* Problem details: Please give back exactly the line with "AI字母置于电路板上科技感十足" and each line after it through the end of the material, leaving out the pictures.

* Input for this task:
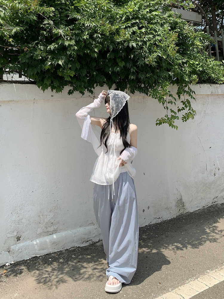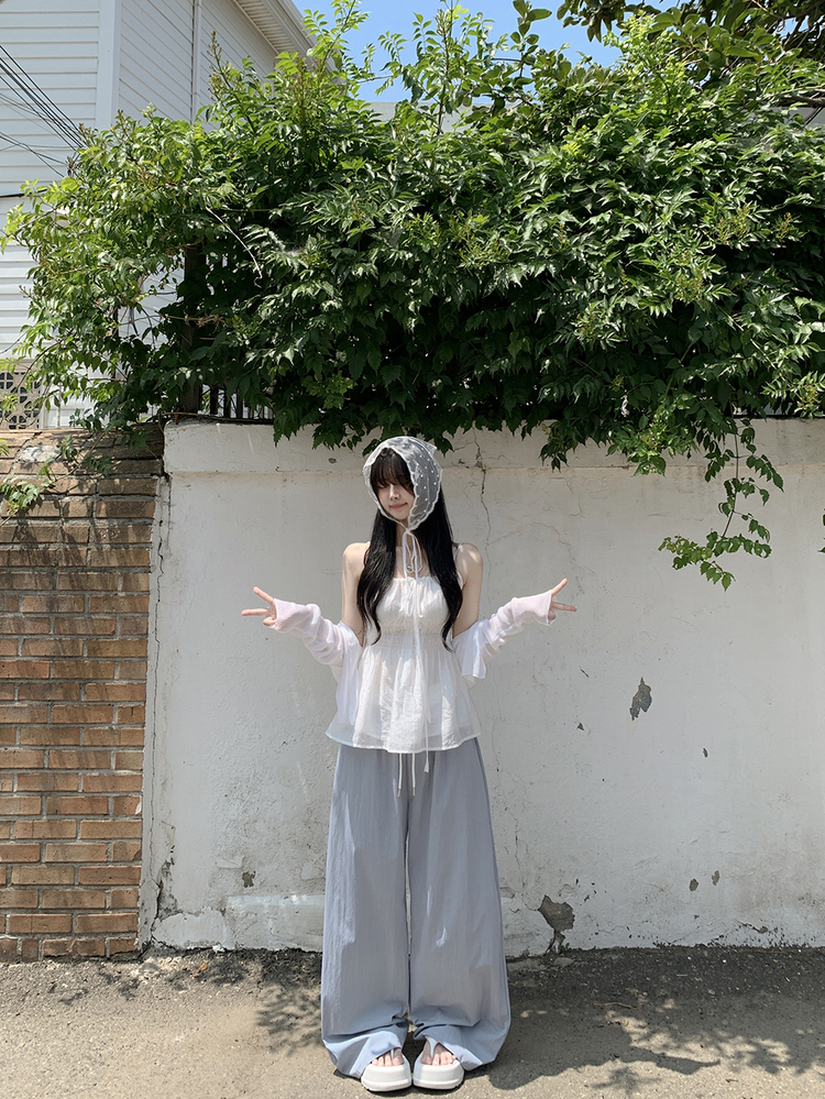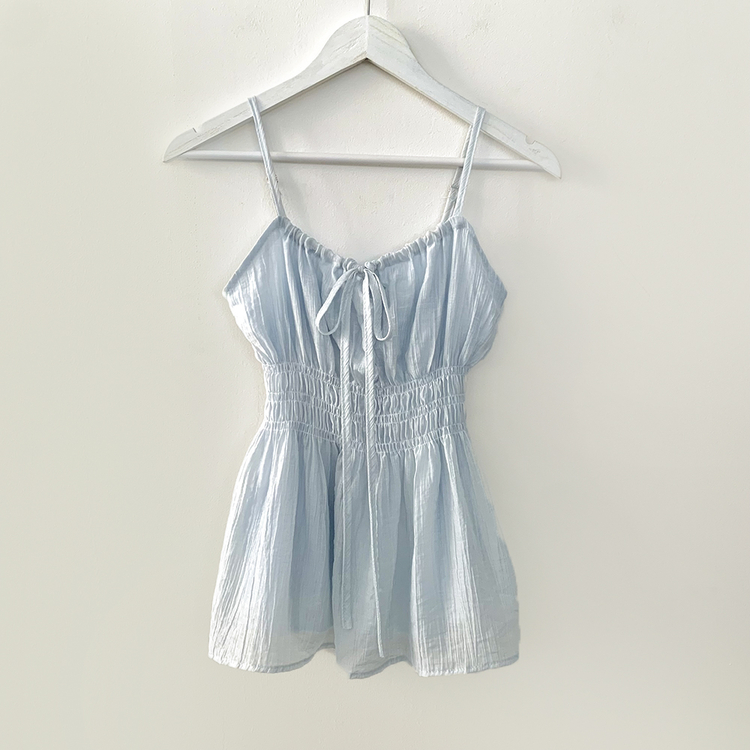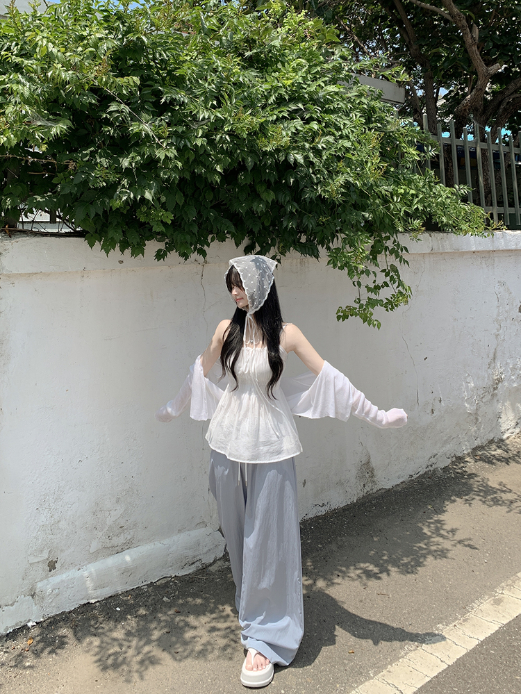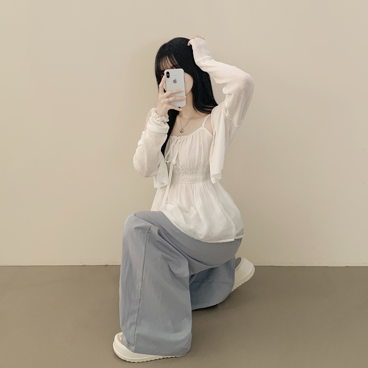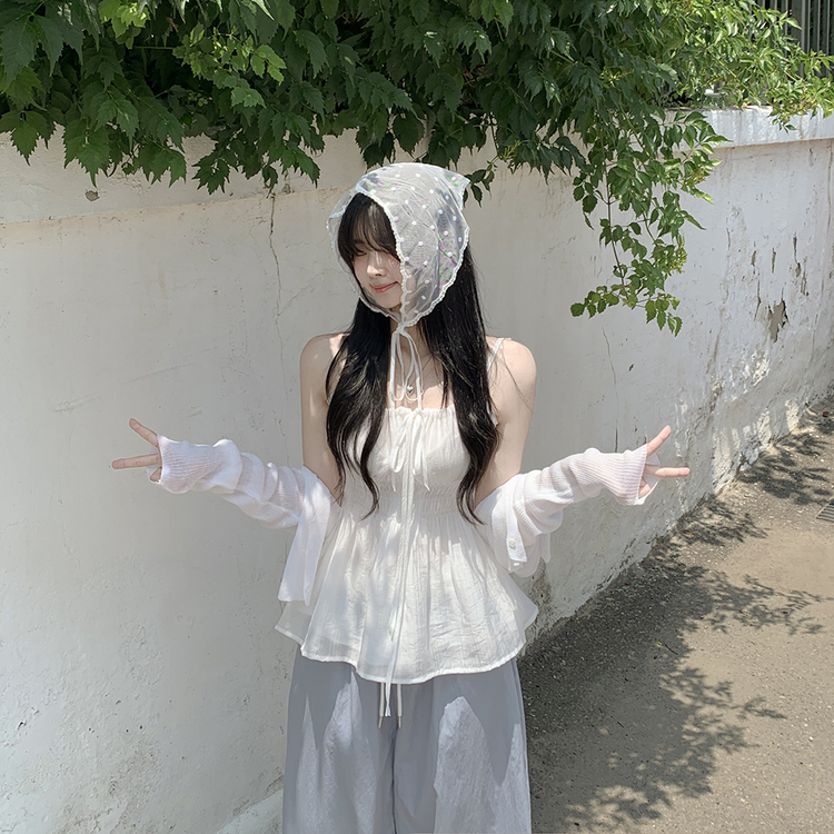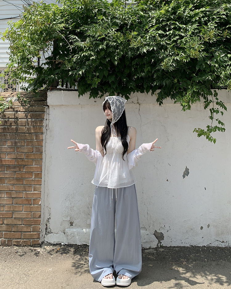 SBS28473 청순러블리 셔링 플레어 쉬폰 끈나시 모리걸 블라우스 편한 여름휴가룩 바캉스
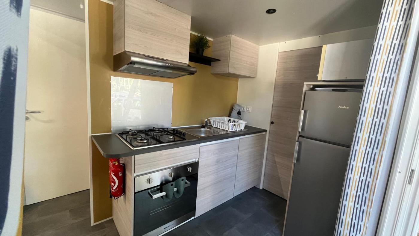 Mobile Home. This air-conditioned mobile home comprises 1 living room, 2 separate bedrooms and 1 bathroom with a shower. Meals can be prepared in the well-fitted kitchen, which comes with a stovetop, a refrigerator, kitchenware and an oven. Featuring a terrace, this mobile home also provides a tea and coffee maker, a dining area and a flat-screen TV. The unit offers 3 beds.
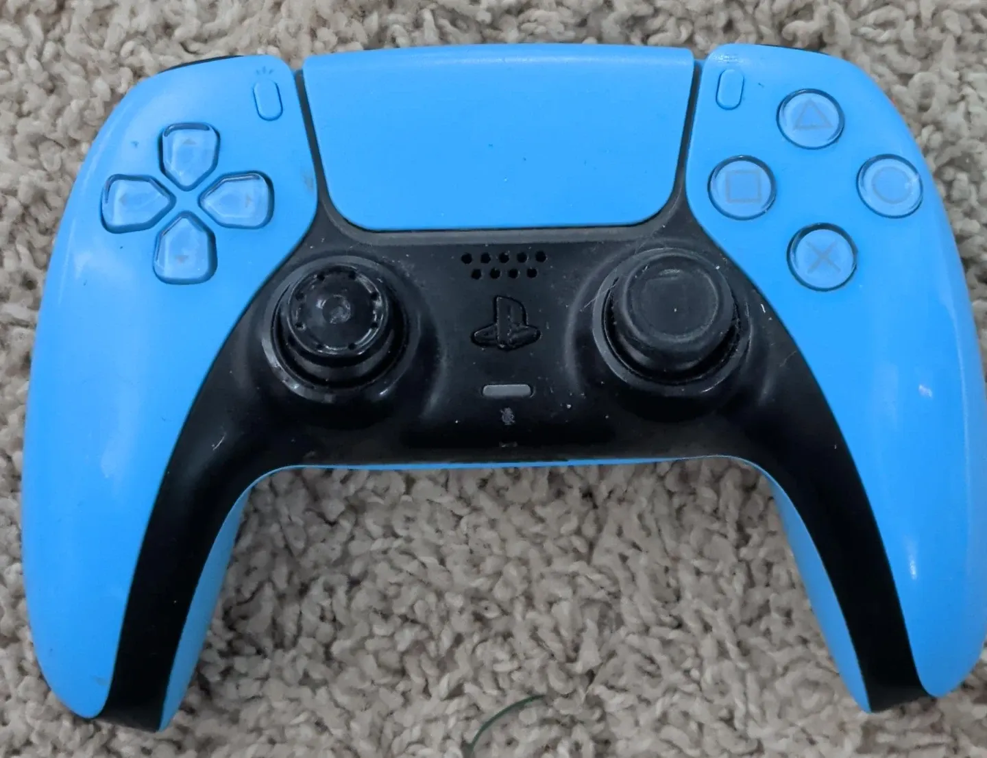 This is a blue DualSense wireless controller for PlayStation 5. It's compatible with PS5 consoles. It features haptic feedback and adaptive triggers. This controller is great for gaming enthusiasts!
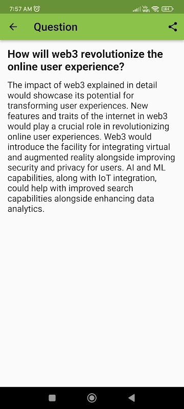Web3 সাক্ষাত্কারের প্রশ্ন: Web3 তে বিশেষভাবে আগ্রহীদের জন্য, আমাদের অ্যাপটিতে Web3 ধারণার উপর দৃষ্টি নিবদ্ধ করা 100+ প্রশ্নগুলির সাথে একটি উত্সর্গীকৃত বিভাগ রয়েছে। আপনার জ্ঞানকে আরও গভীর করুন এবং Web3 ইন্টারভিউতে আপনার আত্মবিশ্বাস বাড়ান।
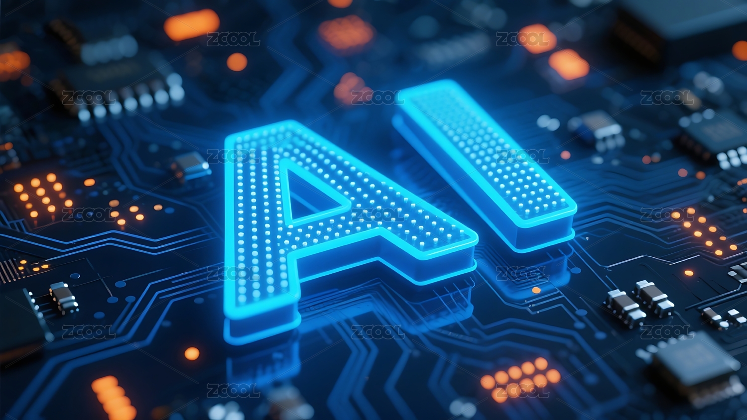 AI字母置于电路板上科技感十足
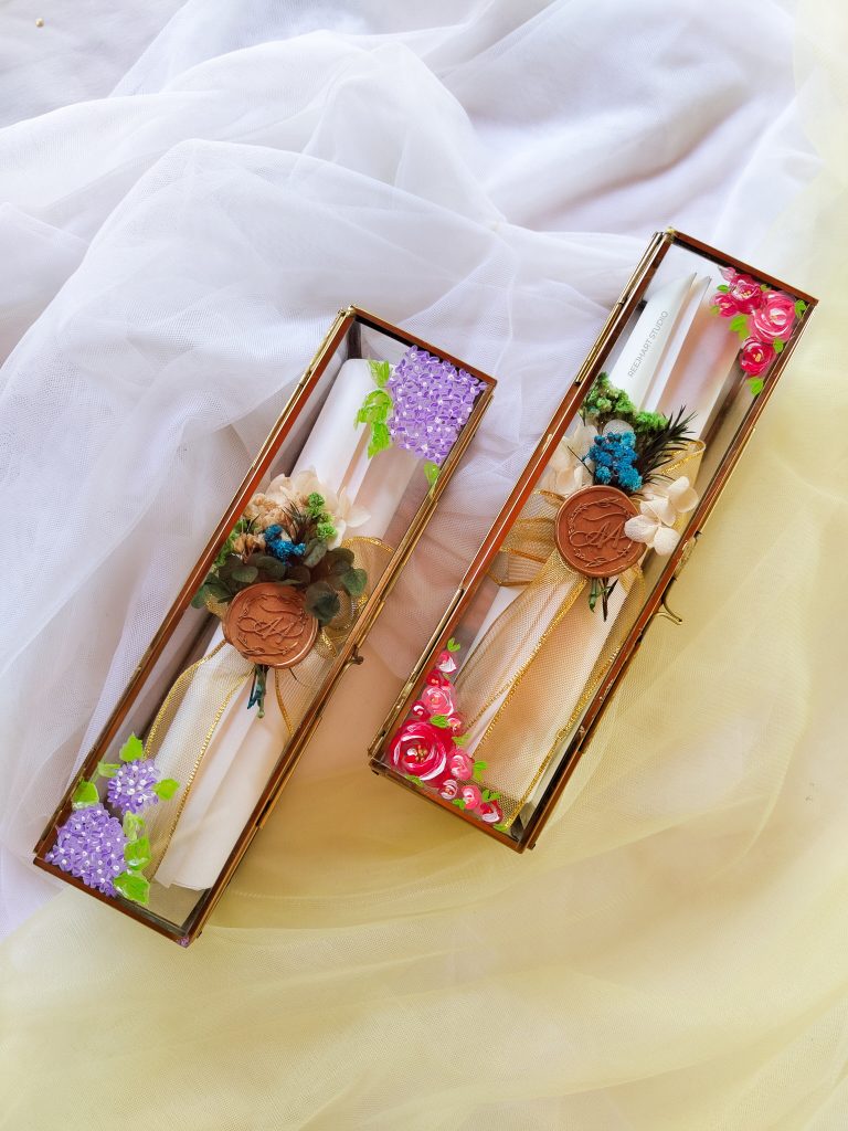 Handwritten letter scroll Introducing our bespoke Handwritten Letter Scroll, a timeless expression of love and devotion curated for a couple’s anniversary celebration. Each letter is meticulously crafted in calligraphy, a testament to the enduring art of handwritten messages. The scroll is then elegantly placed within a glass box, sealed with the couple’s wedding monogram in …
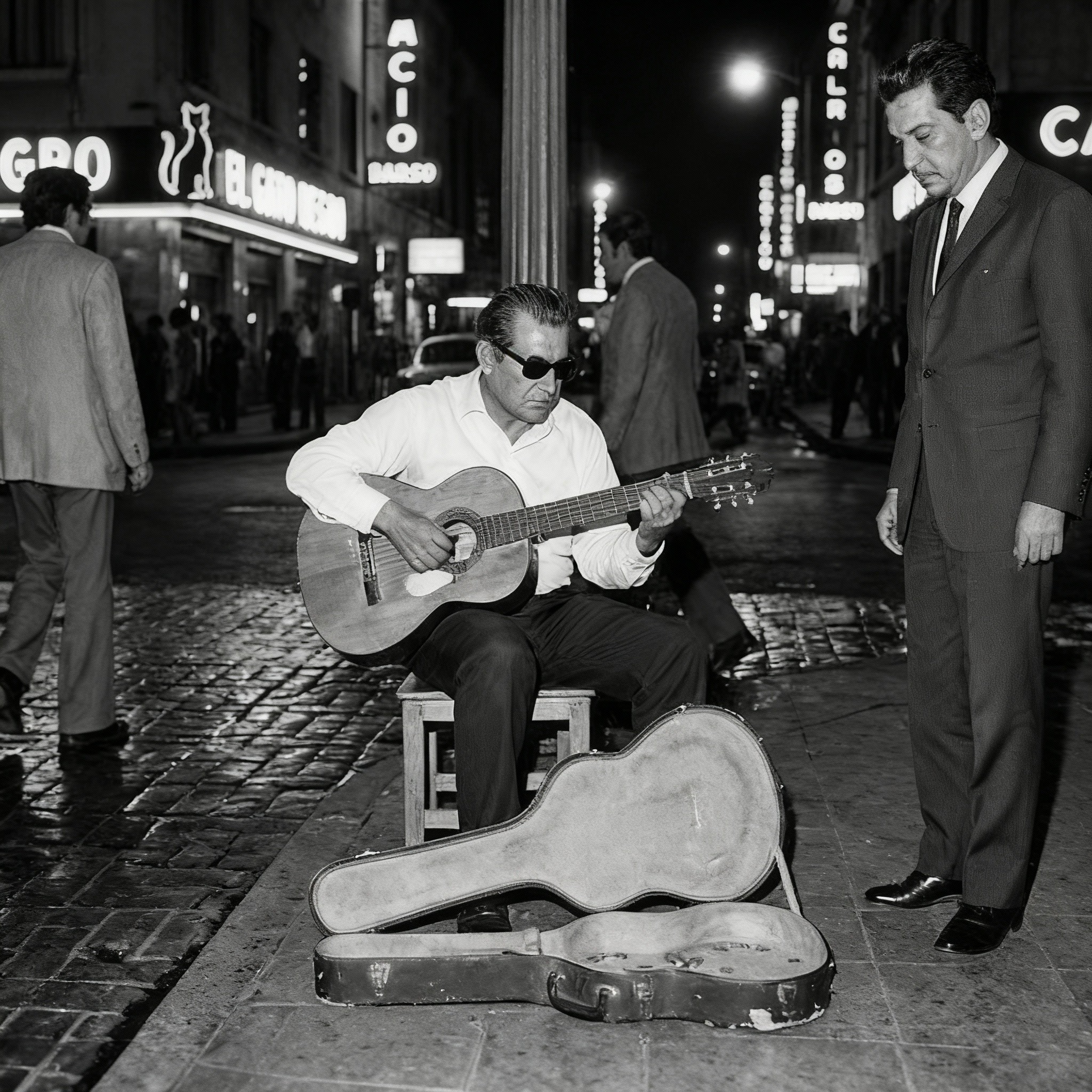 Pero lo que inmediatamente capturó la atención de Mario fue que el hombre era ciego. Usaba gafas oscuras a pesar de que era de noche. Su cabeza se inclinaba ligeramente hacia la guitarra mientras tocaba, sus dedos moviéndose con precisión increíble a lo largo del mástil.

* Answer to this problem:
 AI字母置于电路板上科技感十足
 Handwritten letter scroll Introducing our bespoke Handwritten Letter Scroll, a timeless expression of love and devotion curated for a couple’s anniversary celebration. Each letter is meticulously crafted in calligraphy, a testament to the enduring art of handwritten messages. The scroll is then elegantly placed within a glass box, sealed with the couple’s wedding monogram in …
 Pero lo que inmediatamente capturó la atención de Mario fue que el hombre era ciego. Usaba gafas oscuras a pesar de que era de noche. Su cabeza se inclinaba ligeramente hacia la guitarra mientras tocaba, sus dedos moviéndose con precisión increíble a lo largo del mástil.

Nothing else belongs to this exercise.